Randy Dunlap randy.dunlap at oracle.com
Wed May 5 14:14:47 PDT 2010


On Sat,  1 May 2010 10:14:53 -0400 Oren Laadan wrote:

> From: Sukadev Bhattiprolu <sukadev at linux.vnet.ibm.com>
> 
> This gives a brief overview of the eclone() system call.  We should
> eventually describe more details in existing clone(2) man page or in
> a new man page.
> 
> Signed-off-by: Sukadev Bhattiprolu <sukadev at linux.vnet.ibm.com>
> Acked-by: Serge E. Hallyn <serue at us.ibm.com>
> Acked-by: Oren Laadan  <orenl at cs.columbia.edu>
> ---
>  Documentation/eclone |  348 ++++++++++++++++++++++++++++++++++++++++++++++++++
>  1 files changed, 348 insertions(+), 0 deletions(-)
>  create mode 100644 Documentation/eclone
> 
> diff --git a/Documentation/eclone b/Documentation/eclone
> new file mode 100644
> index 0000000..c2f1b4b
> --- /dev/null
> +++ b/Documentation/eclone
> @@ -0,0 +1,348 @@
> +
> +struct clone_args {
> +	u64 clone_flags_high;
> +	u64 child_stack;
> +	u64 child_stack_size;
> +	u64 parent_tid_ptr;
> +	u64 child_tid_ptr;
> +	u32 nr_pids;
> +	u32 reserved0;
> +};
> +
> +
> +sys_eclone(u32 flags_low, struct clone_args * __user cargs, int cargs_size,
> +		pid_t * __user pids)
> +
> +	In addition to doing everything that clone() system call does, the

	                                that the clone()

> +	eclone() system call:
> +
> +		- allows additional clone flags (31 of 32 bits in the flags
> +		  parameter to clone() are in use)
> +
> +		- allows user to specify a pid for the child process in its
> +		  active and ancestor pid namespaces.
> +
> +	This system call is meant to be used when restarting an application
> +	from a checkpoint. Such restart requires that the processes in the
> +	application have the same pids they had when the application was
> +	checkpointed. When containers are nested, the processes within the
> +	containers exist in multiple pid namespaces and hence have multiple
> +	pids to specify during restart.
> +
> +	The @flags_low parameter is identical to the 'clone_flags' parameter
> +	in existing clone() system call.

	in the existing

> +
> +	The fields in 'struct clone_args' are meant to be used as follows:
> +
> +	u64 clone_flags_high:
> +
> +		When eclone() supports more than 32 flags, the additional bits
> +		in the clone_flags should be specified in this field. This
> +		field is currently unused and must be set to 0.
> +
> +	u64 child_stack;
> +	u64 child_stack_size;
> +
> +		These two fields correspond to the 'child_stack' fields in
> +		clone() and clone2() (on IA64) system calls. The usage of
> +		these two fields depends on the processor architecture.
> +
> +		Most architectures use ->child_stack to pass-in a stack-pointer

		                                     to pass in

> +		itself and don't need the ->child_stack_size field. On these
> +		architectures the ->child_stack_size field must be 0.
> +
> +		Some architectures, eg IA64, use ->child_stack to pass-in the

		                    e.g.                        to pass in

> +		base of the region allocated for stack. These architectures
> +		must pass in the size of the stack-region in ->child_stack_size.
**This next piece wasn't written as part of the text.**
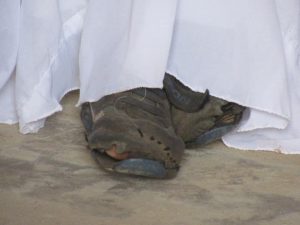 Si pudieran ver las fotos en detalle, verán el estado de los pantalones de los varones, con muchos descosidos y remiendos, algunos pantalones sostenidos con una cuerda, las zapatillas o zapatos rotos, con los dedos que asoman, y algunos con calzados prestados, evidentemente, por lo que se puede ver en la desproporción del tamaño. Pudimos ver muchas niñas que llevaban su vestido arreglado o con remiendos y costuras caseras, y algunas de ellas llevaban calzados muy pobres, que prefieren dejar en el banco y pasar a comulgar descalzas. Nos llena de admiración, y nos enternece también, porque nos muestra a las claras que se trata de niños pobres, de aldeas muy lejanas. Pero hay otra cosa… de verdad que “brillan” en su primera comunión, por sus rostros alegres, y sus miradas puras.
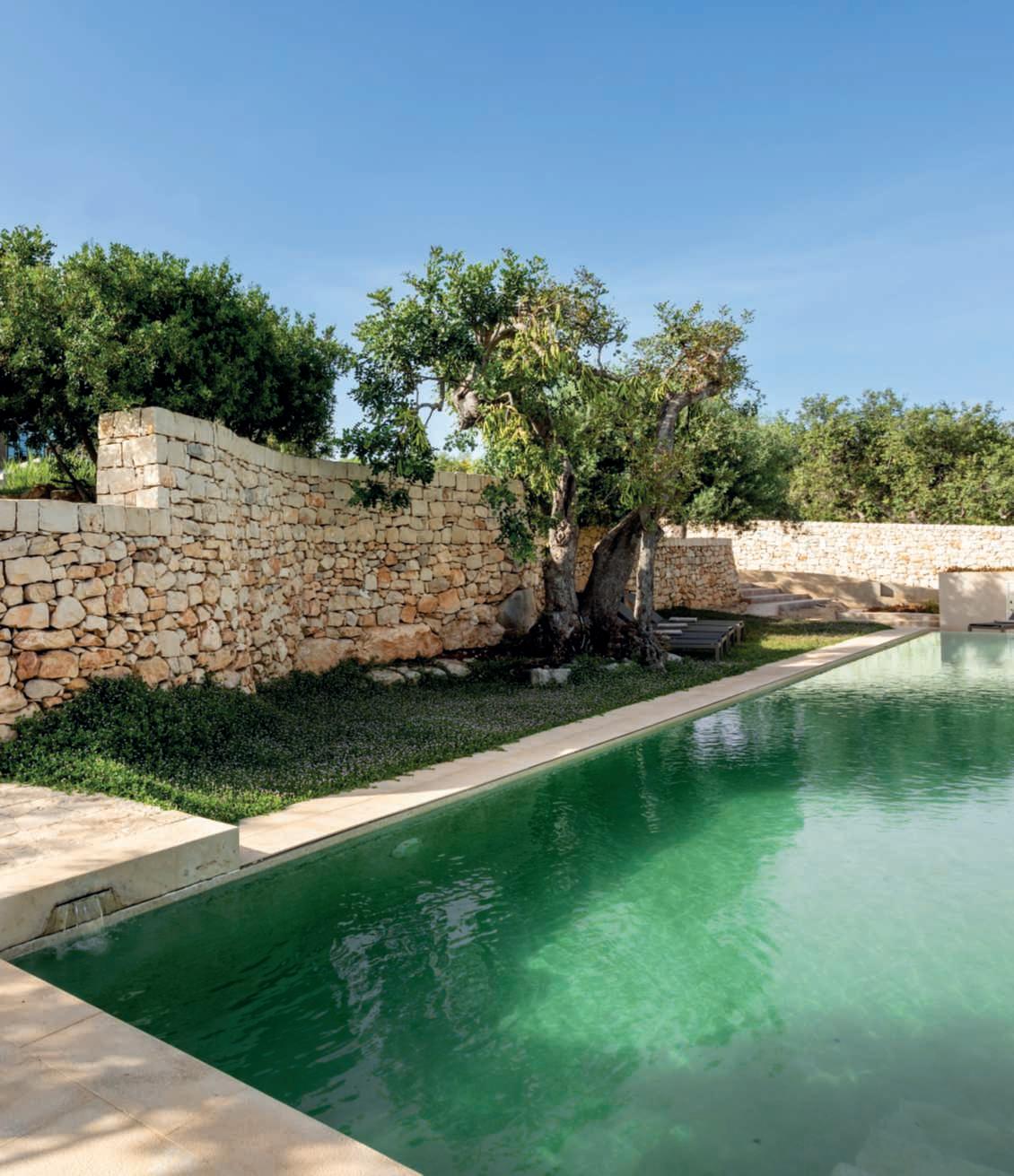 On these pages,the natural swimmingpool with a 20-metrelongby3.10-metre widepool,whereswimming intotalprivacywhileenjoying thepleasureof waterthathas not been treated with any chemicalagent, as purification iscarriedoutwithspecial aquaticplants intheadjacent pondandtransferredintothe pool via a hidden circulation

		                             stack region

Seems unfortunate that different architectures use the fields differently.

> +
> +	u64 parent_tid_ptr;
> +	u64 child_tid_ptr;
> +
> +		These two fields correspond to the 'parent_tid_ptr' and
> +		'child_tid_ptr' fields in the clone() system call

		                                      system call.

> +
> +	u32 nr_pids;
> +
> +		nr_pids specifies the number of pids in the @pids array
> +		parameter to eclone() (see below). nr_pids should not exceed
> +		the current nesting level of the calling process (i.e if the

		                                                  i.e.

> +		process is in init_pid_ns, nr_pids must be 1, if process is
> +		in a pid namespace that is a child of init-pid-ns, nr_pids
> +		cannot exceed 2, and so on).
> +
> +	u32 reserved0;
> +	u64 reserved1;
> +
> +		These fields are intended to extend the functionality of the
> +		eclone() in the future, while preserving backward compatibility.
> +		They must be set to 0 for now.

The struct does not have a reserved1 field AFAICT.
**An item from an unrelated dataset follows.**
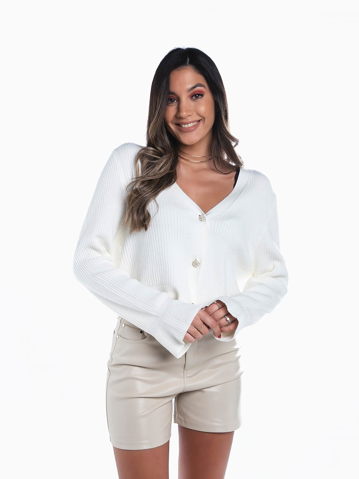 Cardigan de malha canelada com aperto de botões de pérolas. Casaco de malha de manga comprida com decote em bico. Punhos acabados em folho.

> +	The @cargs_size parameter specifes the sizeof(struct clone_args) and
> +	is intended to enable extending this structure in the future, while
> +	preserving backward compatibility.  For now, this field must be set
> +	to the sizeof(struct clone_args) and this size must match the kernel's
> +	view of the structure.
> +
> +	The @pids parameter defines the set of pids that should be assigned to
> +	the child process in its active and ancestor pid namespaces. The
> +	descendant pid namespaces do not matter since a process does not have a
> +	pid in descendant namespaces, unless the process is in a new pid
> +	namespace in which case the process is a container-init (and must have
> +	the pid 1 in that namespace).
> +
> +	See CLONE_NEWPID section of clone(2) man page for details about pid

	                         of the clone(2)

> +	namespaces.
> +
> +	If a pid in the @pids list is 0, the kernel will assign the next
> +	available pid in the pid namespace.
> +
> +	If a pid in the @pids list is non-zero, the kernel tries to assign
> +	the specified pid in that namespace.  If that pid is already in use
> +	by another process, the system call fails (see EBUSY below).
> +
> +	The order of pids in @pids is oldest in pids[0] to youngest pid
> +	namespace in pids[nr_pids-1]. If the number of pids specified in the
> +	@pids list is fewer than the nesting level of the process, the pids
> +	are applied from youngest namespace. i.e if the process is nested in

	                 the youngest namespace. I.e.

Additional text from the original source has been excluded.